The U.S. Supreme Court’s June 29 decision in Trump v. Slaughter may significantly reshape how independent federal agencies, such as the National Labor Relations Board (NLRB), operate.

Although the case arose from President Donald Trump’s removal of Federal Trade Commission (FTC) Commissioner Rebecca Slaughter, the Court used the dispute to overrule Humphrey’s Executor v. United States, the 1935 decision that had long permitted Congress to shield members of certain independent agencies from presidential removal except for cause. The Court instead held that, as a general rule, principal officers exercising executive power must remain removable by the President, substantially expanding presidential authority over agencies historically viewed as independent.

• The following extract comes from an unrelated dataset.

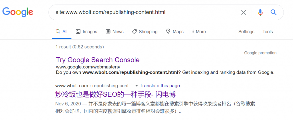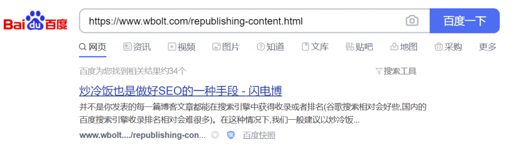 如果你想检查某个具体的页面是否被索引的话,同样也可以进行这样的操作site:详细的网址(此方法仅适合谷歌,百度则直接搜索URL地址),或者使用搜索推送收录插件的收录查询功能(仅支持百度收录查询) 。
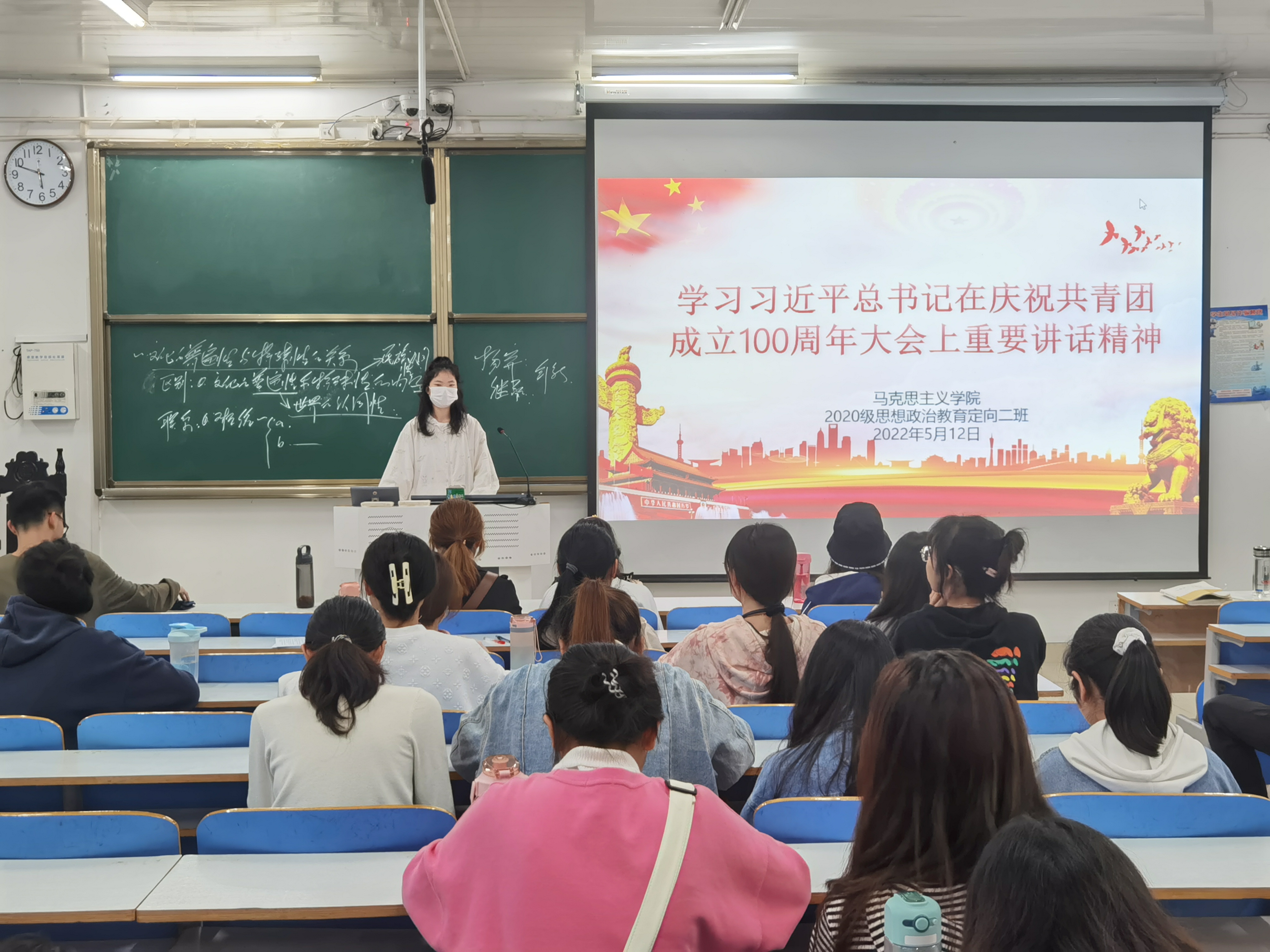 奋进新时代,百年正青春。5月12日下午,太阳集团tyc59972020级思想政治教育二班、定向二班在社科楼514教室开展“学习习近平总书记在庆祝中国共产主义青年团成立100周年大会上的重要讲话”主题团课。2020级思想政治教育二班、定向二班全体团员共同参与本次团课。

The decision’s significance extends well beyond the FTC. Readers of Employment Law Worldview may recall that we have closely followed the litigation surrounding former National Labor Relations Board (NLRB) Member Gwynne Wilcox because it presented the same fundamental constitutional question: whether Congress may insulate members of independent agencies from presidential removal through statutory “for-cause” protections. We’ve reported on that litigation from President Trump’s removal of Wilcox in January 2025 (see here), to her reinstatement by the district court (see here), to the Supreme Court’s stay of that order (see here) and most recently to the Board’s eventual return to a quorum following the White House’s nominations (see here and here).

Until now, however, the Supreme Court had never squarely answered the underlying constitutional question. Trump v. Slaughter appears to do exactly that.

The district court’s decision reinstating Wilcox relied heavily on Humphrey’s Executor and the proposition that Congress could protect certain agency officials from removal except for cause. With that precedent now expressly overruled, the legal foundation supporting Wilcox’s reinstatement—and similar challenges involving other independent agencies, such as the Merit Systems Protection Board (MSPB)—has largely disappeared. Although the Supreme Court will still need to formally dispose of the Wilcox case, the outcome now appears considerably more predictable.

As our recent coverage demonstrates, agency leadership can have a significant impact on the pace and direction of federal labor and employment enforcement. Trump v. Slaughter may accelerate those shifts by allowing incoming administrations to replace agency leadership more quickly than under the prior framework. For employers, this means that changes in Board composition, enforcement priorities, rulemaking and litigation positions may occur much earlier in a presidential administration than they have historically. We will continue to monitor the impact of Trump v. Slaughter and its implications for employers as the remaining litigation unfolds.